What is expected →
Search the entries below for "горы", and copy each line where it appears.

Records for this task →

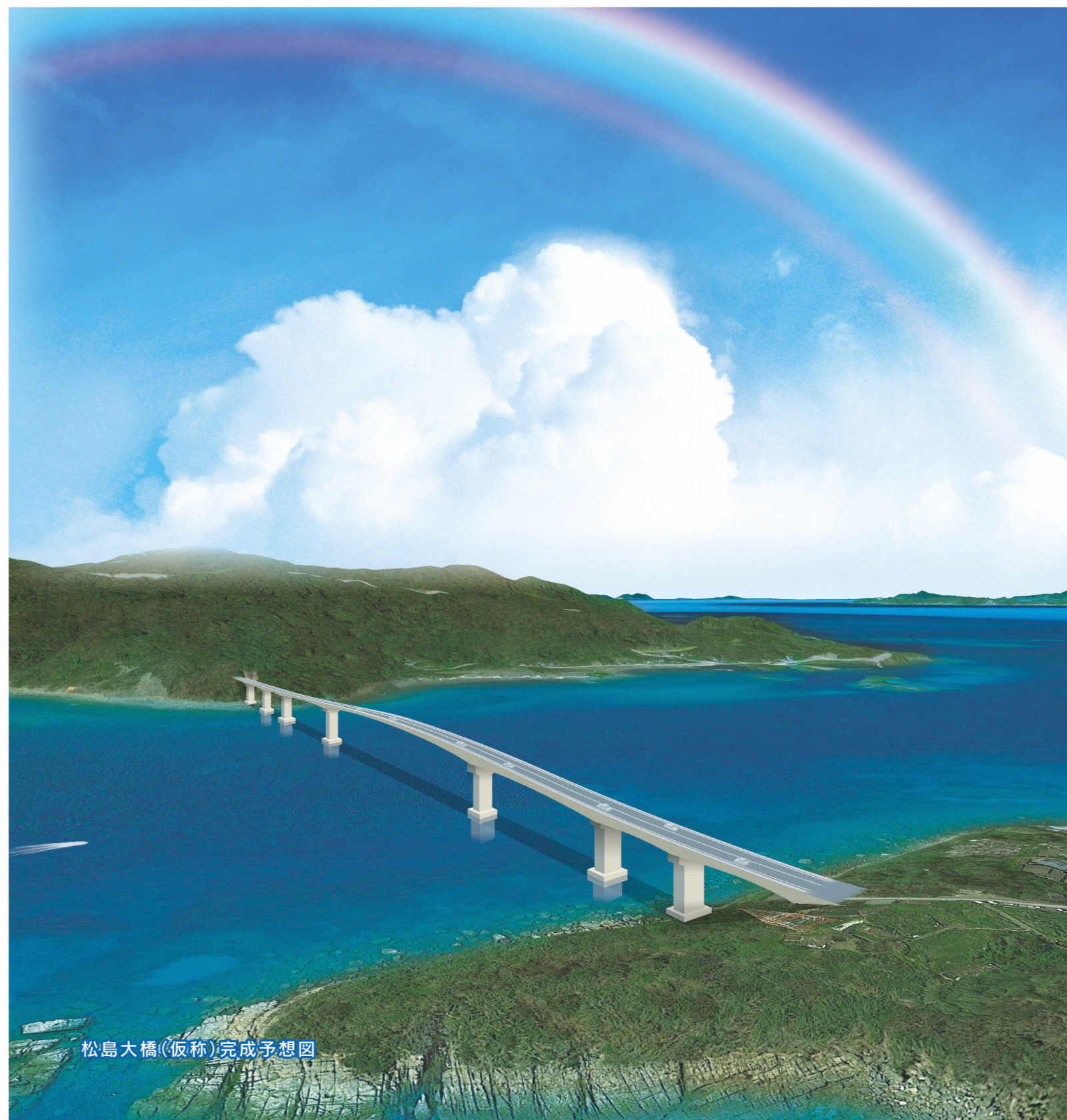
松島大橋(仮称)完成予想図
...
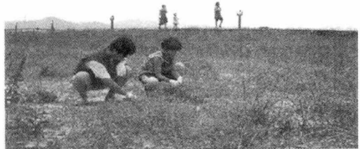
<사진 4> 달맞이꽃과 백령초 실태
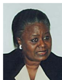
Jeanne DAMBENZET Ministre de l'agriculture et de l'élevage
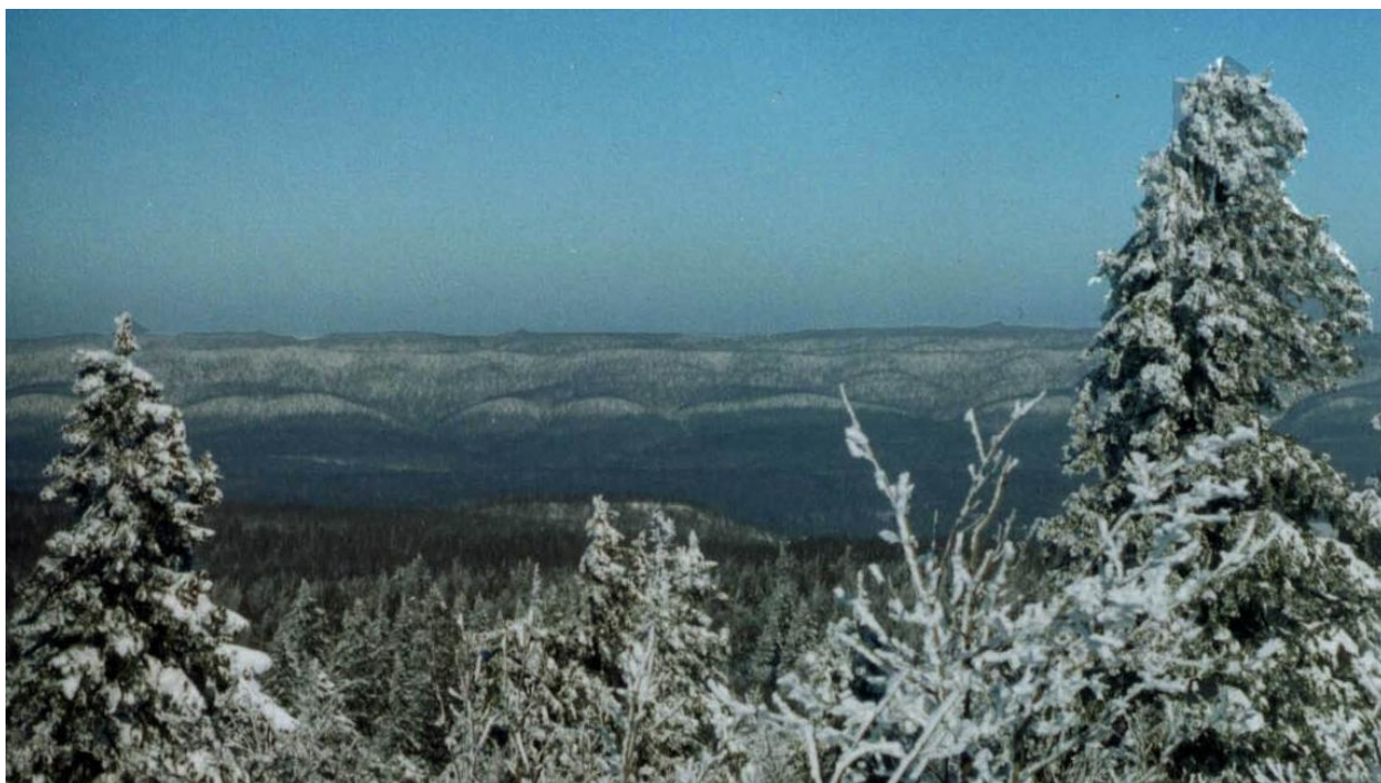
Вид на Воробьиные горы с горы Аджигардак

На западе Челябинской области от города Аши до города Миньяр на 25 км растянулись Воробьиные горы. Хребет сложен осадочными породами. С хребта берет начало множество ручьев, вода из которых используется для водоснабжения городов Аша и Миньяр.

Answer to the problem →
Вид на Воробьиные горы с горы Аджигардак
На западе Челябинской области от города Аши до города Миньяр на 25 км растянулись Воробьиные горы. Хребет сложен осадочными породами. С хребта берет начало множество ручьев, вода из которых используется для водоснабжения городов Аша и Миньяр.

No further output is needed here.